С лошадьми вообще обращаются преувеличенно. Однако на этот раз была не обычная нарочитость. Тайфун будто понимал это. Он не обратил к Грише морду с выражением, какое всегда у него в таких случаях появлялось: «В чем дело? Кажется, я не стучу и не дергаю!» Тайфун вздохнул и отвернулся.
Когда мы пошли, не оборачиваясь, Эх-Откровенный-Разговор принялся вдруг отчаянно стучать.
Была в начале века выдрессирована одним немцем лошадь, которая даже по телефону умела разговаривать, отбивая сигналы копытами. Родион не знал этого. Он просто стучал и стучал, но в его настойчивости и тревоге ясно было выражено: «Куда? Куда же вы? Разве так поступают!..»
Из Англии вернулись мы в августе; только что прошли большие призы, но не разговоры о новых триумфаторах и рекордах коснулись нашего слуха прежде всего.
– Башилов умер, – сообщил первый же попавшийся нам навстречу обитатель Беговой улицы, а уж тут все знают обо всем.
Григорий Григорьевич Башилов возле лошадей производил впечатление поэта, ученого и философа. В стенах конюшни Башилов выражал тончайшие оттенки мысли, если только дело касалось лошадей. Привели как-то жеребят с завода, и я все не мог найти слова, чтобы определить их отличие от призовых рысаков. «Зверем еще пахнут», – ответил Башилов на мой вопрос таким тоном, как у Гоголя ветвистая тирада обрывается формулой: «Вам нужно мертвых душ?». Так и у Башилова все в его мире имело название, назначение, место.

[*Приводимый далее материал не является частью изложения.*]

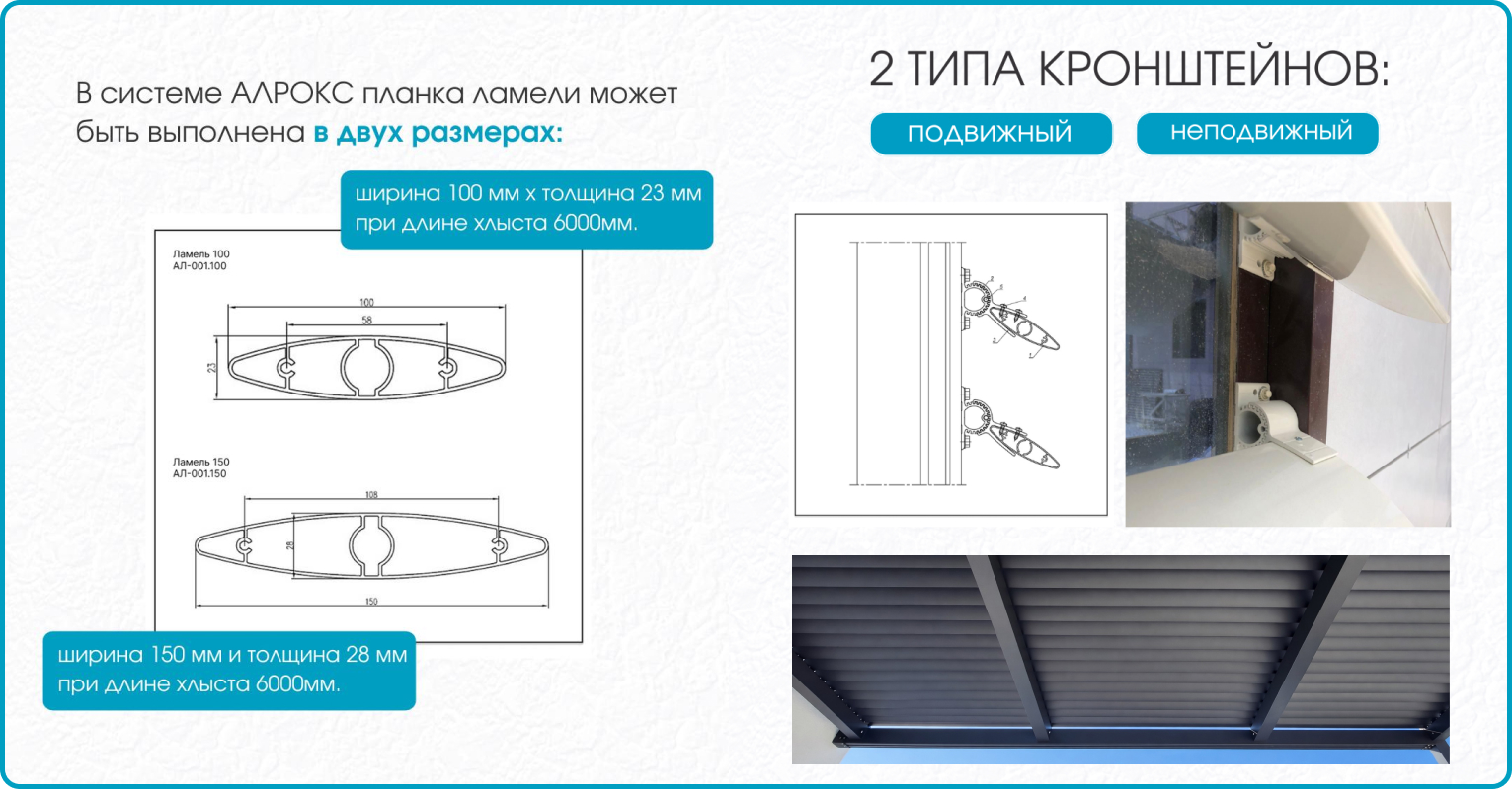 Конструктивные параметры системы. В серрии Алрокс 500 предусмотрены подвижные и неподвижные кронштейны, что расширяет возможности проектирования и адаптации под конкретные задачи.

И при всем своем величии Григорий Григорьевич трепетал буквально перед каждым призом. Это не было, как у Катомского, «волнение», входившее в набор приемов. То был самый неподдельный страх перед судьбой. Лицо делалось землистым, совсем пропадал голос: глубокое удручение долгие годы гнездилось в душе великого наездника, ибо все никак не мог выиграть он Дерби. А это все равно, как для трагика остаться без роли Гамлета. Другие призы Башилов выигрывал, некоторые даже неоднократно. Приз Элиты брал трижды. Дерби никак не давалось! Лошади, идеально подготовленные, начинали хромать прямо на проминке. Однажды при бесспорных шансах на победу Башилов улегся у денника своей лошади на ночь, так надо же! Конкуренты подковыряли с наружной стороны раму и обрушили ее на несчастного фаворита, который хотя серьезно и не покалечился, но выбыл из игры. Случилось это еще в те времена, когда легендарный Яков Петрович подделывал племенные аттестаты, перекрашивал лошадей, а Куприн черпал на ипподроме материал для «Изумруда».